Federal courts describe the privileges as protecting marriages, not children. In United States v. Sims, the Sixth Circuit17 stressed the balancing of truth-finding with the “unique intimacy,” of marriage when recognizing a crime-fraud exception to the marital communications privilege.18 There was no mention of the interests of the children. In United States v. Lea, the Seventh Circuit stressed that the Supreme Court has extended the privilege to now-divorced couples to “fully foster this level of trust between married couples.”19 Also, no mention of children. The Third Circuit protected the marriage relationship the most, holding in Appeal of Malfitano that private marital conversation should be protected even when the couple is engaged in criminal activity together.20 According to that court, even marriages involving co-criminals are worth saving.21 It also stated that marriage could be a stabilizing influence on criminals, which might discourage future antisocial behavior.22 Nowhere does it mention children, despite the fact that the court’s policy was sentencing some children to live in criminal households.
The courts of states make similar justifications involved in this case. For example, Tennessee employs a 4-factor test to determine whether a marital communication ought to be privileged, weighing the “injury that would inure to the relation by the disclosure of the communications,”23 against the benefit of the information gathered.
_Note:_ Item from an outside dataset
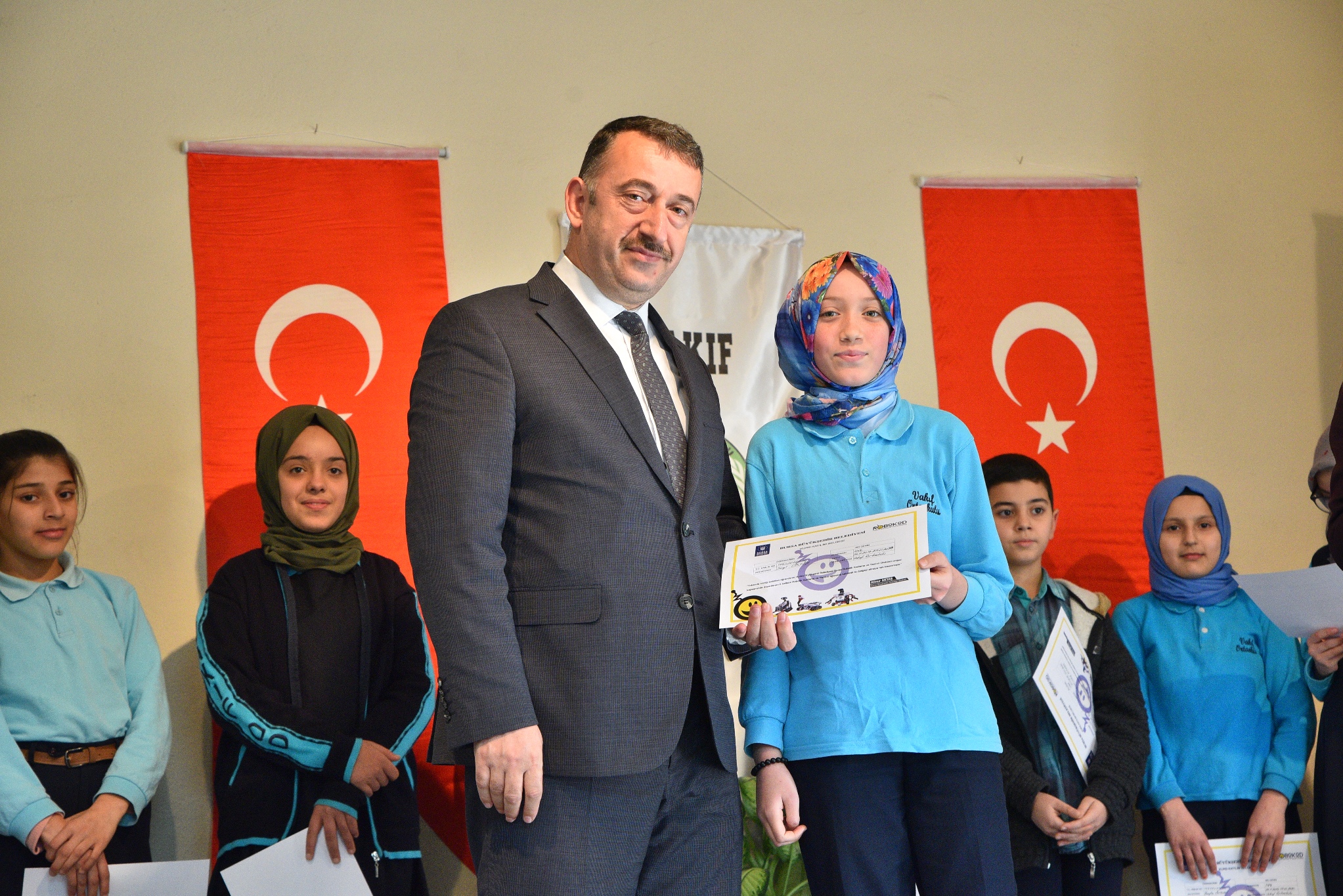 Konuşmaların ardından öğrencilere katılım belgeleri dağıtıldı.
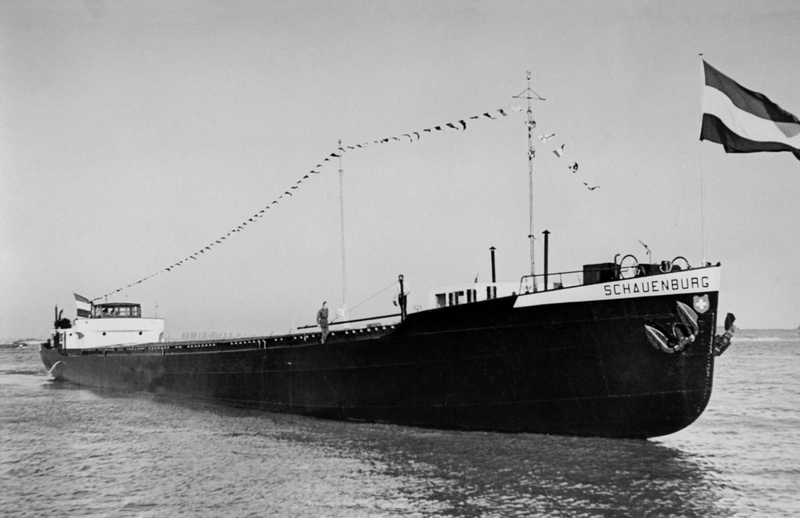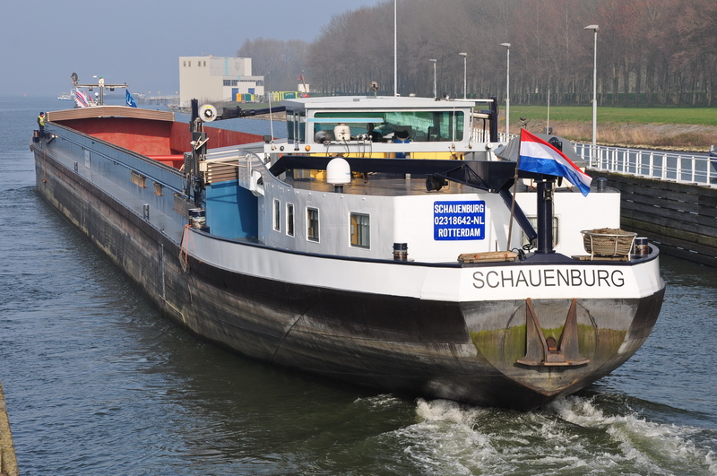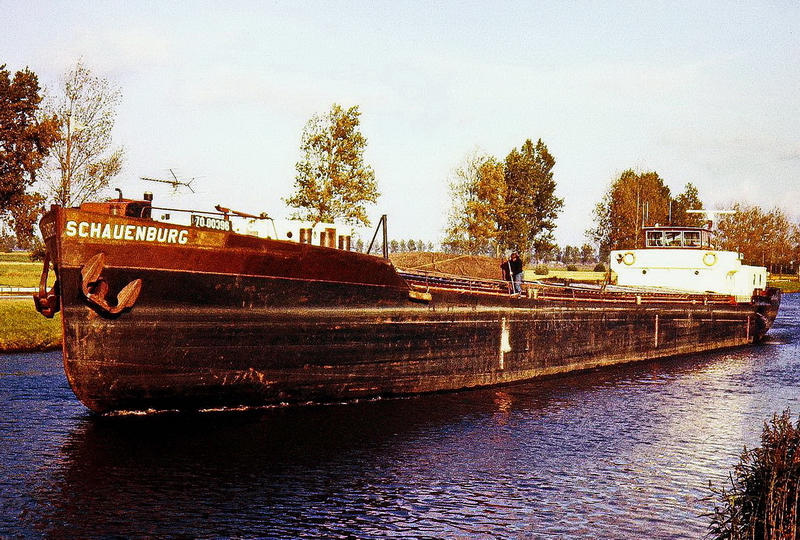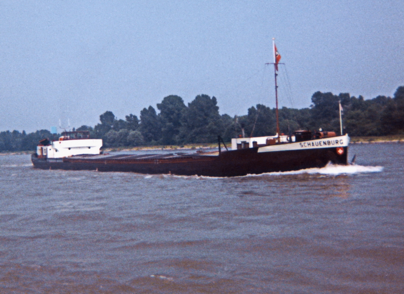 Die Kiellegung (Bau Nr.: 436) der SCHAUENBURG war am 5. April 1948 bei der Schiffswerft N.V. Scheepswerfen v/h H. H. Bodewes in Millingen a/d Rijn. Der Stapellauf und Taufe durch die Taufpatin Frl. Trudy Knapp fand am 10. Juli 1947 statt. Die Probefahrt und Abnahme durch die "St. Johann" Lagerhaus- und Schiffahrtsgesellschaft (SILAG) Basel war am 2. Oktober 1948. Für den Einbau der beiden Sulzer Maschinen (Zylinder Nr.: 25642-45 & 25646-49) war der Sulzer Monteur Schönbächler zuständig. Das Gütermotorschiff (GMS) ist entstanden nach den Projektplänen vom Ingenieur-Bureau Dr. h. c. Ryniker Basel. Die Bauaufsicht übernahm Fred Bösch aus dem Planungsbüro Ryniker. CH-Register Nr.: 396. Der Name Schauenburg stammt von 2 Burgruinen bei Frenkendorf im Kanton Basel-Landschaft. Wahrscheinlich wurde die SCHAUENBURG im Jahre 1980 an N. Knieriem im Miet-Kauf übergeben. Daraufhin erhielt das Schiff auch ein neues Luken Dach, das einfacher zu handhaben war. Am 09.07.1982 offiziell verkauft an N. Knieriem in Rotterdam. Nicht umbenannt. Reg. Nr.: n.a. Schon am 12.07.1982 neu registriert in Basel für die MS Schauenburg Schiffahrts AG, Basel unter der CH-Rheinregister Nummer 1364 (IVR Nr.: 7001364). 1982: Umgebaut, verlängert (84.70 x 8.53 x 2.79) und neu motorisiert mit 2 x 550 Ps / (405 kW) starken Volvo Penta (TAMD 162 A) Dieselmotoren. Neue Tragfähigkeit 1307 Ton. 1988 für N. Knieriem in Rotterdam registriert. Reg. Nr.: 2318642 2001 wurde in Koźle, (früher Cosel/Schlesien) an der Oder, ein neues Vor- und Mittelschiff gebaut. Die weitere Fertigstellung war bei Jooren in Werkendam. Neu vermessen mit 110.00 x 9.50 x 3.00 und 2087 Ton. Tragfähigkeit. Ebenfalls wurden 2 neue Maschinen vom Typ Baudouin mit je 750 Ps eingebaut. Nun registriert in Barendrecht. MMSI: 244100549 / Rufzeichen: PF8813. Das alte Vor- und der Mittschiffsteil wurde am Achterschiff der DIANA (IVR NR.: 2316211) ex GRAUBÜNDEN angebracht. Zurzeit (23.03.2023) noch in Fahrt.

Kentucky’s Supreme Court has stated that the two privileges “are designed to protect and enhance the marital relationship at the expense of otherwise useful evidence.”24 It is simply beyond doubt, given the language of reasoning of federal and state courts, that the marital privileges exist to protect the married relationship itself, not the children of the relationship.
We come to the same conclusion when we look at how the privileges serve to protect parents to the occasional detriment of the children. Some children are certainly living with parents who have been protected from jail solely because the privilege exists. They are harmed when they grow up influenced by the morals, habits, and destruction caused by lawbreakers. While protecting the marital relationship might protect the child indirectly by maintaining stability in the house, it would be antithetical to our system of mass incarceration to say that we would prefer to see children live in a criminal household than in one without a parent. In any event, it is doubtful that many states would take the view that criminals should avoid prison merely because they have children to raise. All of this is further evidence that the states’ interest in the marital evidence privileges is to protect the marital relationship itself, contradicting the stated interest in Obergefeld.
The Supreme Court will be asking whether the stated government interest is legitimate. Looking at the example of marital evidence privileges, we can see that it is not. States create these privileges because they are conferring dignity on the relationships themselves. In Romer v. Evans, the Court applied rational basis review to a Colorado law discriminating on the basis of sexual orientation.25 However, in striking down the initiative, commentators26 and courts27 have noted that the court appeared to have applied rational basis review with “bite.” Even if the court adopts the lowest level of review imaginable—lower than the one it applied in Romer and Windsor—the stated interest cannot justify such discrimination. Common experience, supported by the centuries-old marital evidence privileges, support the conclusion that marriage is undeniably about more than just procreation.